Sept. 24, 2016 (EIRNS)—Choosing to focus on one aspect of the global $1.5 quadrillion speculative bubble, which is bankrupt in its entirety, the United Nations Conference on Trade and Development (UNCTAD) issued its 2016 annual report warning that some $25 trillion in emerging market debt is facing imminent default. That conclusion, although partial, is certainly true.

The UNCTAD report notes that there was a huge influx of capital to developing markets after the 2008 crisis, because quantitative easing and other cheap credit policies in the developed sector created a massive carry trade in search of making a killing abroad. But now,

"alarm bells have been ringing over the explosion of corporate debt levels in emerging economies, which now exceed $25 trillion. Damaging deflationary spirals cannot be ruled out,"

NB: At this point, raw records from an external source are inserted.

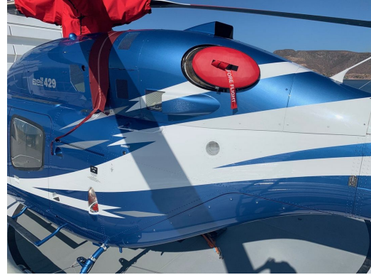
Bell 429 Exhaust Plug
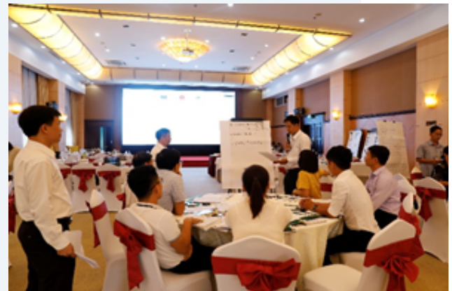
Group exercise during the first training course
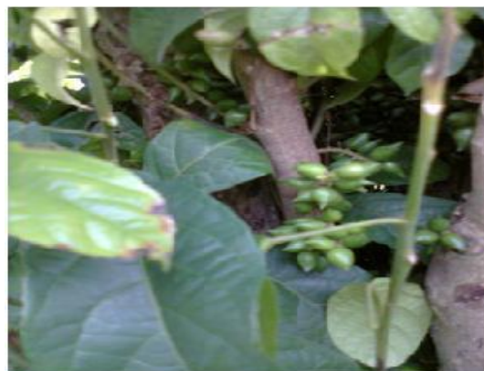
Figure 14: Maesobotrya barteri (Baill.) Hutch (Euporbiaceae )
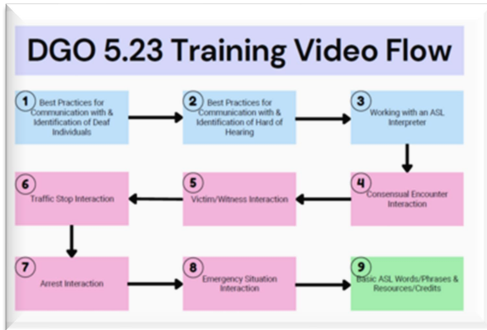
Training Video for SFPD Academy
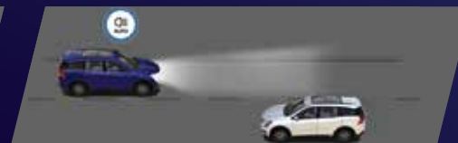
HIGH BEAM ASSIST
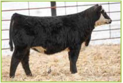
LOT 54: 27
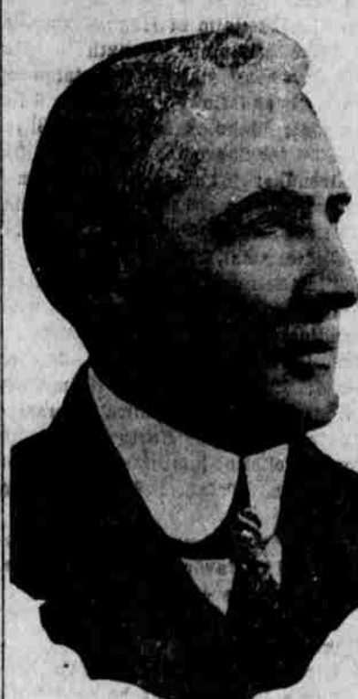
UNITED STATES SENATOR WAR

The dispatches also state that many German cruisers which have heretohibited in this instance. William fore been patrolling the Courland coast have been withdrawn.
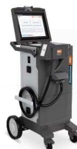
Mobile-OES High performance on wheels
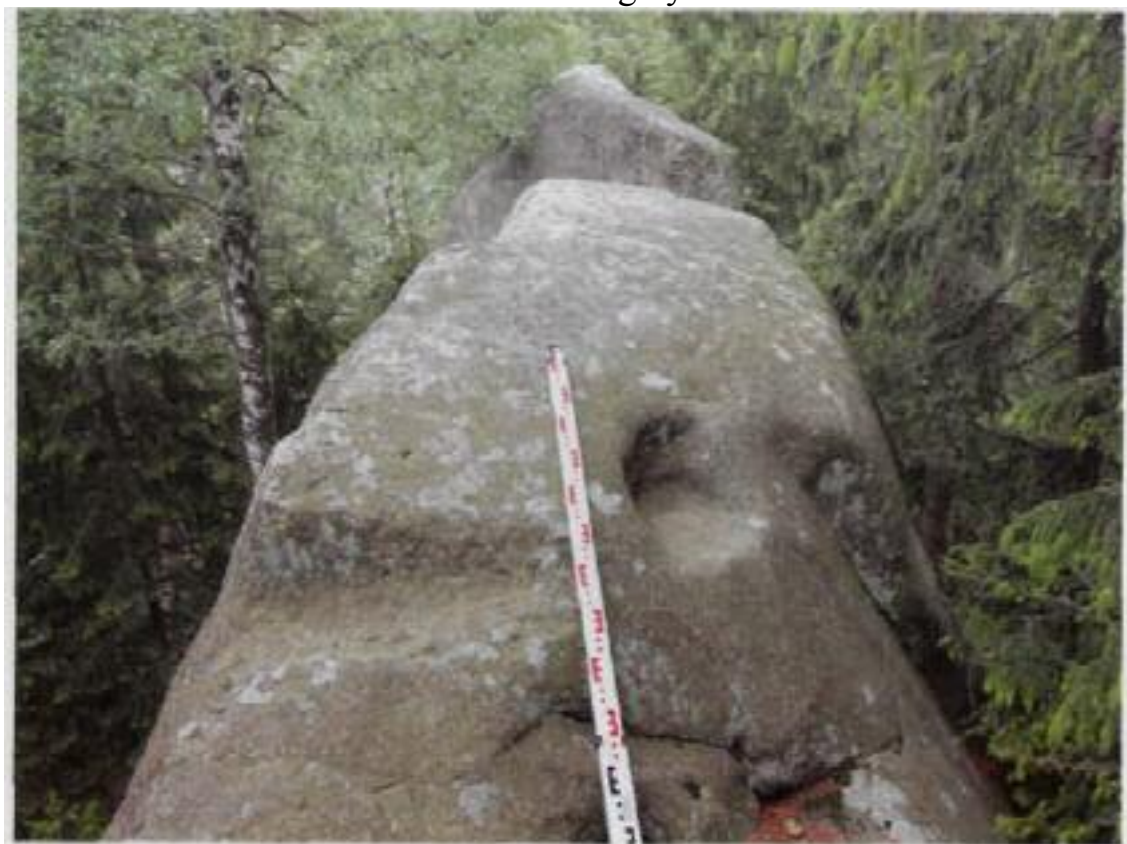
“Lesivski stone” - Vrubi is on the top of rocky platform
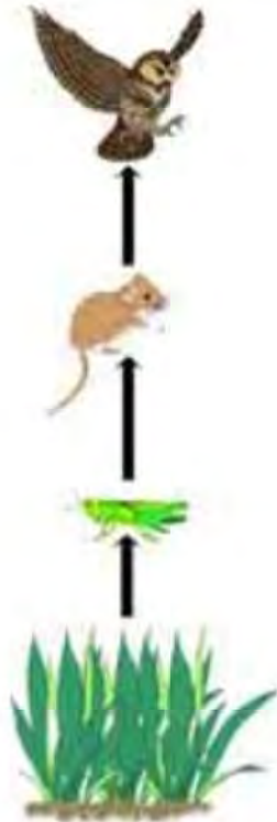
FOOD CHAIN (just one path of energy)
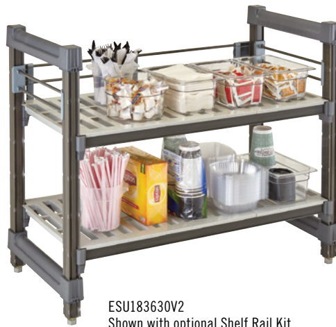
ESU183630V2 Shown with optional Shelf Rail Kit.
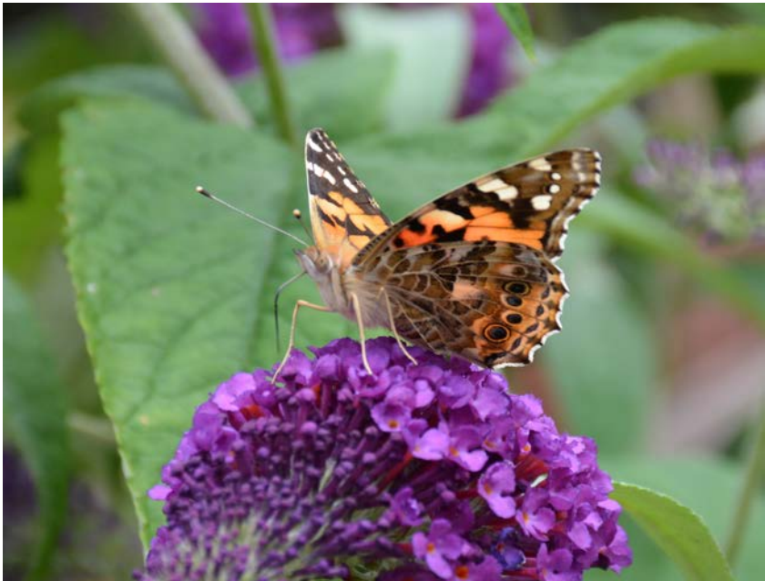
A Painted Lady (on buddleia)
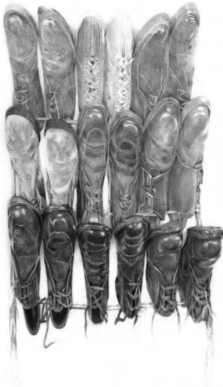
Many Miles, Graphite
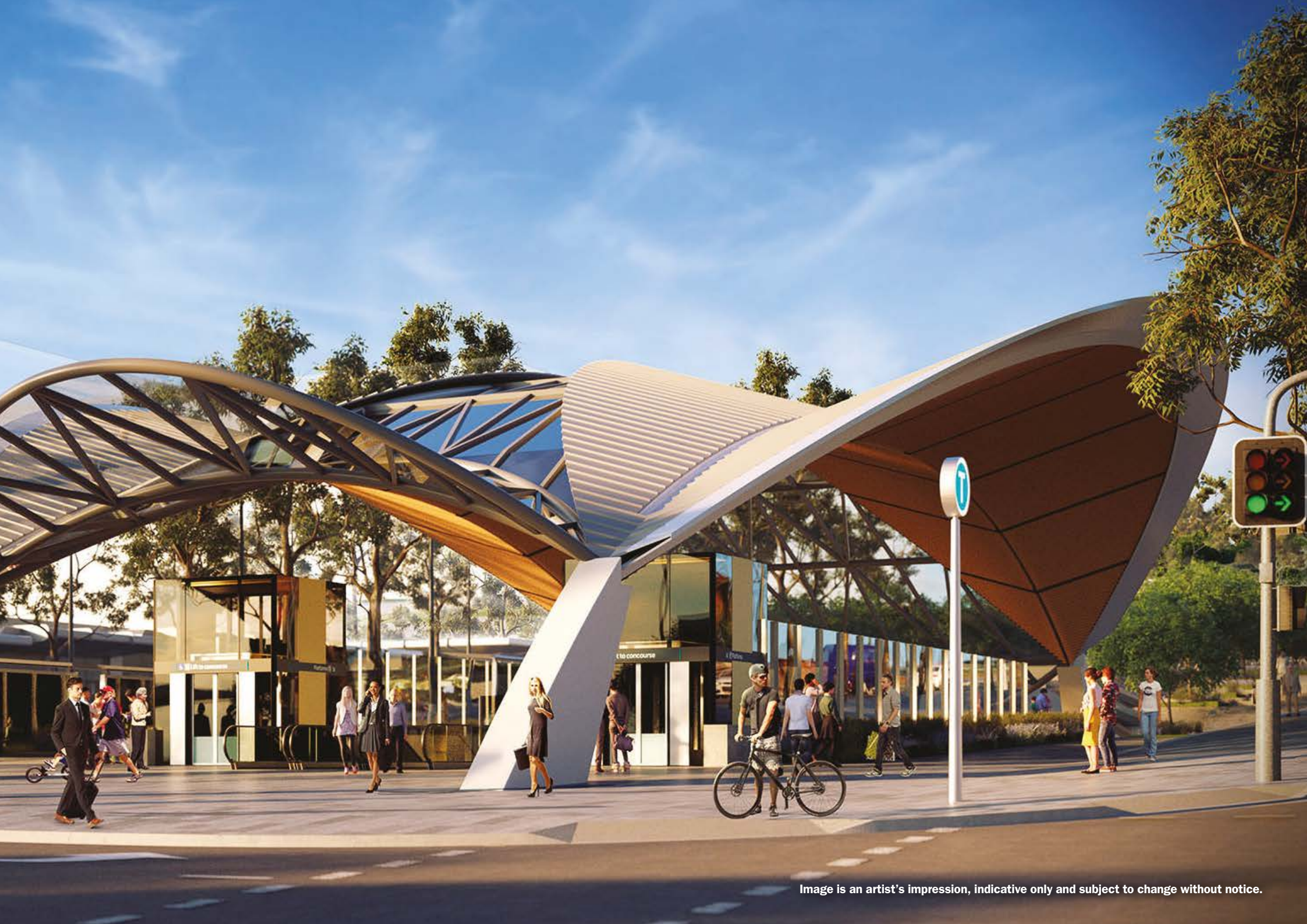
Image is an artist's impression, indicative only and subject to change without notice.
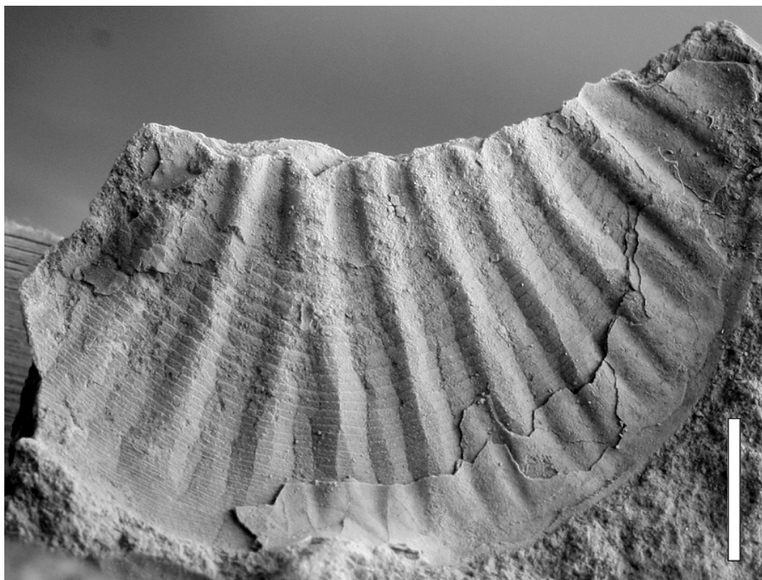
Figure 3. Pygidium of Scabriscutellum sp. A (NHMM 2009082) from the Foulerie Member of the Couvin Formation (lower Eifelian) in Nismes. Scale bar represents 5 mm.

Conversely, the pygidial median rib of these taxa is usually broad proximally.
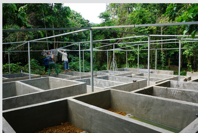
A new Big-headed Turtle enclosure is nearing completion and will be ready in September 2021 after the drain system and waste water tank are built.
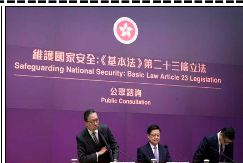
Hong Kong's Secretary for Justice Paul Lam, Chief Executive John Lee and Secretary for Security Chris Tang Ping-keung attend a press conference regarding the legislation of Article 23 national security laws, in Hong Kong.

Officials in Kyiv have urged Western allies to bolster its air defence capabilities and said gaining control of the country's air space is a priority for this year.
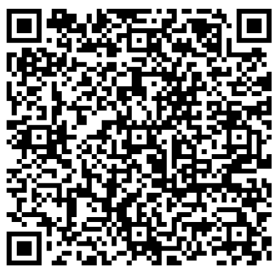
Scan for Android App
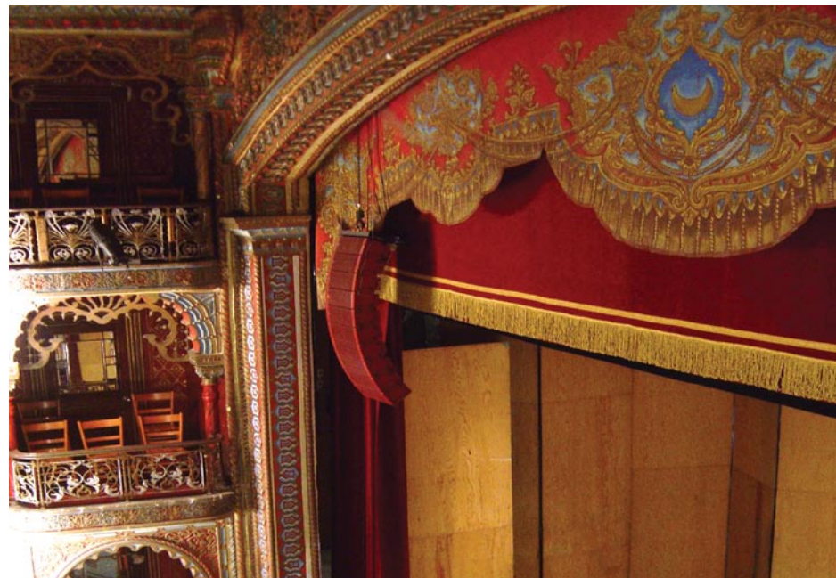
Teatro Juárez, Guanajuato, Gto., Mexico

T: +52 55 5631.8137 F: +52 55 5630.5391 mexico@meyersound.com www.meyersound.com/spanish
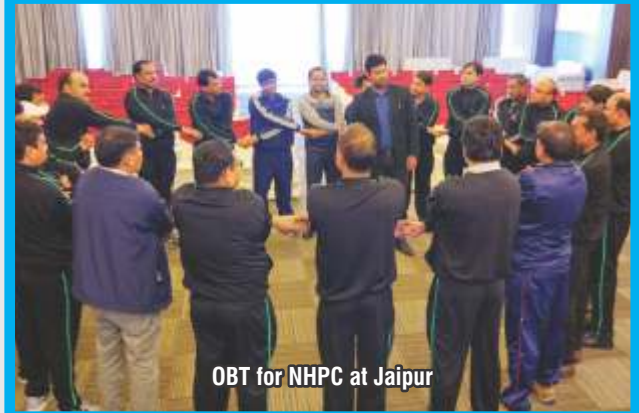
OBT for NHPC at Jaipur
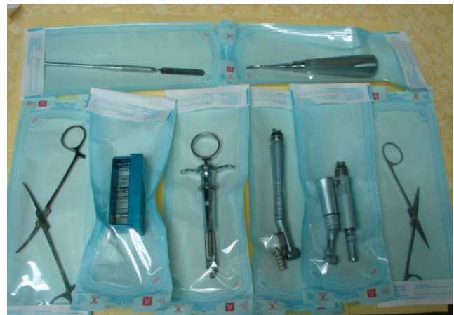
Fig. 2: Instruments that are often bagged individually include (clockwise from top left) a cement spatula, an oral surgery elevator, scissors (opened up to expose blades to steam), a slow-speed contra-angle handpiece (bagged in two separate parts), a high-speed handpiece, a syringe, a bur block and a hemostat (open in the bag).

Burs can be bagged by putting a bunch of them in a bag, or by arranging them in a sterilizable bur container called a bur block ( Fig. 2 ). A bur block should ideally have holes for high speed (friction grip) burs, which are small in diameter, and low-speed (latch or contra-angle) burs, which are slightly larger in diameter.
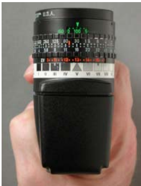
fig.1 The customized zone dial for the Pentax Digital Spotmeter is a visual reference and will simplify zone placement. Zone III and VII are marked to place shadow and highlight details.
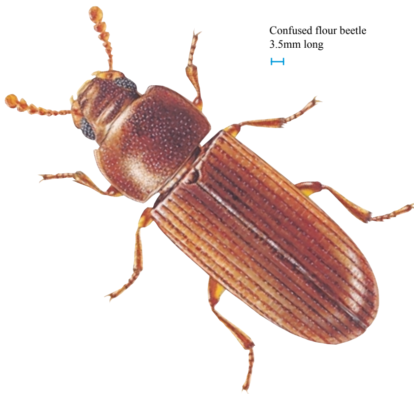
Confused flour beetle 3.5mm long

Adult elongate, 3-4mm long; male with conspicuously enlarged, toothless mandibles, slender and in-curved.

the report says—a euphemism for a global collapse. Much of this emerging debt may soon become non-performing, they warn:

"If the global economy were to slow down more sharply, a significant share of developing-country debt incurred since 2008 could become unpayable and exert considerable pressure on the financial system."

UNCTAD warns of impending capital flight, devaluations, and collapsing asset prices. Last year, capital outflows from emerging markets reached $656 billion, and in the first quarter of 2016 they were already at another $185 billion.